Land Art in the Spring
With all the fine weather we’ve been having recently, I’ve been keen to spend more time outdoors with the kids, so following on from my earlier seasonal posts on a natural theme, I thought I would complete the series by taking a look at some land art for the Spring. This is the time when there are lots of flowers and plants available to inject some colour into your artwork and the weather is also better, so spending some time outdoors creating artwork is much more tempting. As with my other land art posts, this is a cheap activity which requires absolutely no materials whatsoever other than what is available in the natural world. It is also a very ‘green’ activity in every sense of the word. Cleaning up is effortless – there’s little to clear away and everything can be recycled.
All of the activities here can be carried out using the ground as your canvas, but on breezy days this can be frustrating if you’re using very lightweight materials which keep blowing away. So if you want to create a ‘gallery’ of artwork that will last for a day or two, then try creating your own ‘canvas’ of mud, plastered onto a supporting board, rock or stone. Use a rough board to create a better ‘key’ to support the mud, and if you want your artwork to last as long as possible, keep the artwork out of direct sunlight. Spraying it with water occasionally will also help to keep the plant material fresh, and the mud from drying out.
This is the technique also used in traditional well-dressing – an ancient custom in the Derbyshire and Staffordshire Peak District, where the village well is decorated each year by creating designs and pictures using a mosaic of flower petals stuck onto a clay base.
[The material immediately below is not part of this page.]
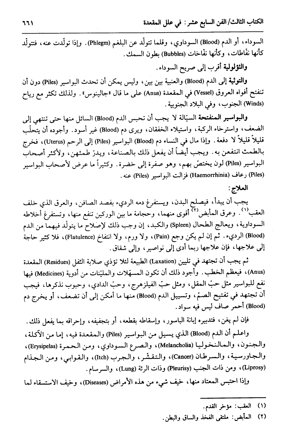 السَّوْدَاء أَو الدَّم السوداوي وقلما تتولد عَن البلغم. وَإِذا تولّدت عَنهُ فتتولد كَأَنَّهَا نفّاطات وَكَأَنَّهَا نفّاخات بطُون السّمك. والثؤلولية أقرب إِلَى صَرِيح السَّوْدَاء. والتوثية إِلَى الدَّم والعنبية بَين بَين وَلَيْسَ يُمكن أَن تحدث البواسير دون أَن تنفتح أَفْوَاه الْعُرُوق فِي المقعدة على مَا قَالَ جالينوس وَلذَلِك تكْثر مَعَ ريَاح الْجنُوب وَفِي الْبِلَاد الجنوبية. والبواسير المنفتحة السيالة لَا يجب أَن تحبس الدَّم السَّائِل مِنْهَا حَتَّى تَنْتَهِي إِلَى الضعْف واسترخاء الرّكْبَة واستيلاء الخفقان وَيرى دم غير أسود. وأجوده أَن يتحلّب قَلِيلا قَلِيلا لَا دفْعَة. وَإِذا مَال فِي النِّسَاء دم البواسير إِلَى الرَّحِم فَخرج بالطمث انتفعن بِهِ. وَيجب أَيْضا أَن يفعل ذَلِك بالصناعة يحز طمثهن ولأكثر أَصْحَاب البواسير لون يختصّ بهم وَهُوَ صفرَة إِلَى خضرَة. وَكَثِيرًا مَا عرض لأَصْحَاب البواسير رُعَاف فَزَالَتْ البواسير عَنهُ. العلاج: يجب أَن يبْدَأ فيصلح الْبدن ويستفرغ دَمه الرَّدِيء بفصد الصْافن والعرق الَّذِي خلف الْعقب. وعرق المأبض أقوى مِنْهُمَا وحجامة مَا بَين الْوَرِكَيْنِ تَنْفَع مِنْهَا وتستفرغ أخلاطه السوداوية ويعالج الطحال والكبد إِن وَجب ذَلِك لإِصْلَاح مَا يتولّد فيهمَا من الدَّم الرَّدِيء. ثمَّ إِن لم يكن وجع وَلَا ورم وَلَا انتفاخ فَلَا كثير حَاجَة إِلَى علاجها فَإِن علاجها رُبمَا أدّى إِلَى نواصير وَإِلَى شقَاق. ثمَّ يجب أَن تجتهد فِي تليين الطبيعة لِئَلَّا تُؤدِّي صلابة الثفل المقعدة فيعظم الْخطب. وأجود ذَلِك أَن تكون المسهّلات والمليّنات من أدوية فِيهَا نفع للبواسير مثل حب الْمثل وَمثل حب ّالفيلزهرج وَحب الدادي وحبوب نذكرها فَيجب أَن تجتهد فِي تفتيح الصمّ وتسييل الدَّم مِنْهَا مَا أمكن إِلَى أَن تضعف أَو يخرج دم أَحْمَر صَاف لَيْسَ فِيهِ سَواد. فَإِن لم يغن فتدبيره إبانة الْبَاسُور وإسقاطه بِقطعِهِ أَو بتجفيفه وإحراقه بِمَا يفعل ذَلِك. وَاعْلَم أَن الدَّم الَّذِي يسيل من البواسير والمقعدة فِيهِ إِمَّا من الآكلة وَالْجُنُون والمالنخوليا والصرع السوداوي وَمن الْحمرَة والجاورسية والسرطان والتقشر والجرب والقوابي وَمن الجذام وَمن ذَات الْجنب وَذَات الرئة والسرسام. وَإِذا احْتبسَ الْمُعْتَاد مِنْهَا خيف شيئ من هَذِه الْأَمْرَاض وَخيف الاسْتِسْقَاء لما

It’s a tradition which still continues in some places, Tissington well-dressing perhaps being the best known.
If you want to create something with a little more ‘structure’ you can use thorns as pins to hold things together, and strong grasses or stems as string to weave or to bind items together.
The compositions you make can be fun and representational, or more abstract in their design – exploiting some feature prominent in the environment, so for example you might decide to restrict your palette to shades of green, or create a rainbow from plant material. Even within a single variety of plant, the variation in leaf colour can be huge, dependent upon it’s maturity, it’s location and other factors. Whatever you choose to create, the resulting artwork will be heavily dependent upon what materials are available immediately to hand around you.
This is an activity which can appeal to all ages. Personally I found it quite absorbing and very relaxing. Creating your composition makes you really look at the natural world in your search for suitable material, so that you notice things you otherwise wouldn’t, and this would make an excellent basis for wider nature studies. I also think that this is quite an intuitive activity for kids – children have always used the resources of nature as their playthings, and I remember doing this kind of thing myself as a child, completely unprompted. After all, what is a daisy chain if not a form of land art?